(How to complete this task): When the line with "따뜻한 모자 cap |" turns up below, begin repeating exactly, and carry on through the line with "跳舞gogo酷辣妹性感银色上衣 kpop女团爵士舞啦啦操演出服主播服装由"; no pictures go into the copy.

====== Record excerpts ======

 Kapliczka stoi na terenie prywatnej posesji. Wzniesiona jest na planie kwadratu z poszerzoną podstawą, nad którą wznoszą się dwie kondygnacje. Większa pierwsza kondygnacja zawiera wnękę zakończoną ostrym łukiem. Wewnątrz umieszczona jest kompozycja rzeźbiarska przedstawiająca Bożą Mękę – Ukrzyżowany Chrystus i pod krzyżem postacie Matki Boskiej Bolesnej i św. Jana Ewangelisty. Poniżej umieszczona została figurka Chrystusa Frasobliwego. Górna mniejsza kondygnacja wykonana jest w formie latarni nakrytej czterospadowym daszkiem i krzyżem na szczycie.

======
====== Record excerpts ======

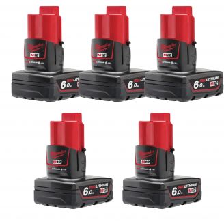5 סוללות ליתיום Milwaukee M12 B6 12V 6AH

======
====== Record excerpts ======

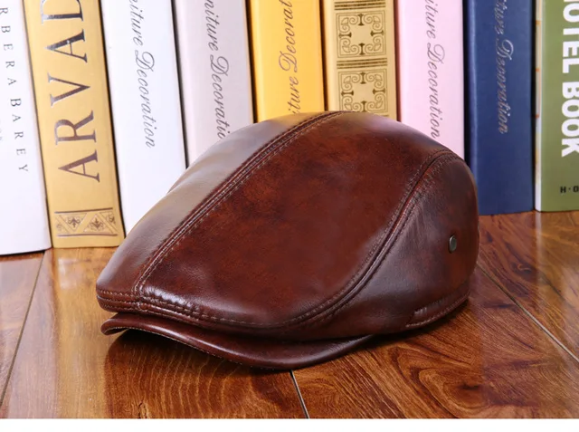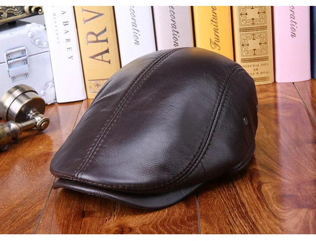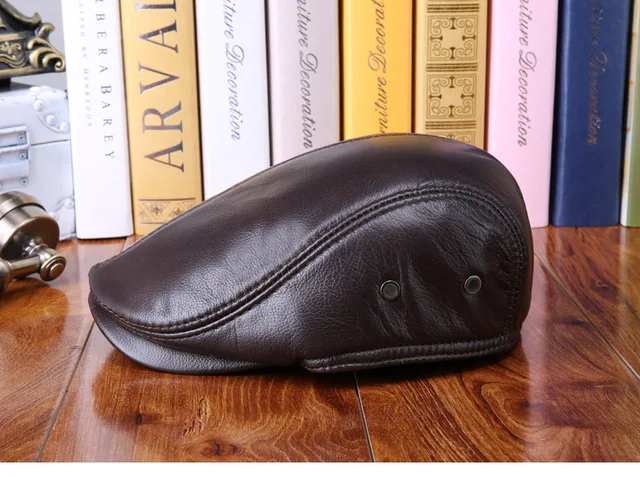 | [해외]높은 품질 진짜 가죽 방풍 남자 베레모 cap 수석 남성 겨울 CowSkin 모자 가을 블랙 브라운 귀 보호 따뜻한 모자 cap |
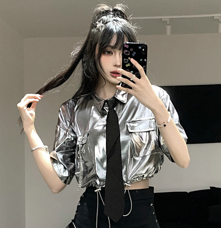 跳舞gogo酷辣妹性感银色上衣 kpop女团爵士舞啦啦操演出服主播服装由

======

(Reply to the exercise):
 | [해외]높은 품질 진짜 가죽 방풍 남자 베레모 cap 수석 남성 겨울 CowSkin 모자 가을 블랙 브라운 귀 보호 따뜻한 모자 cap |
 跳舞gogo酷辣妹性感银色上衣 kpop女团爵士舞啦啦操演出服主播服装由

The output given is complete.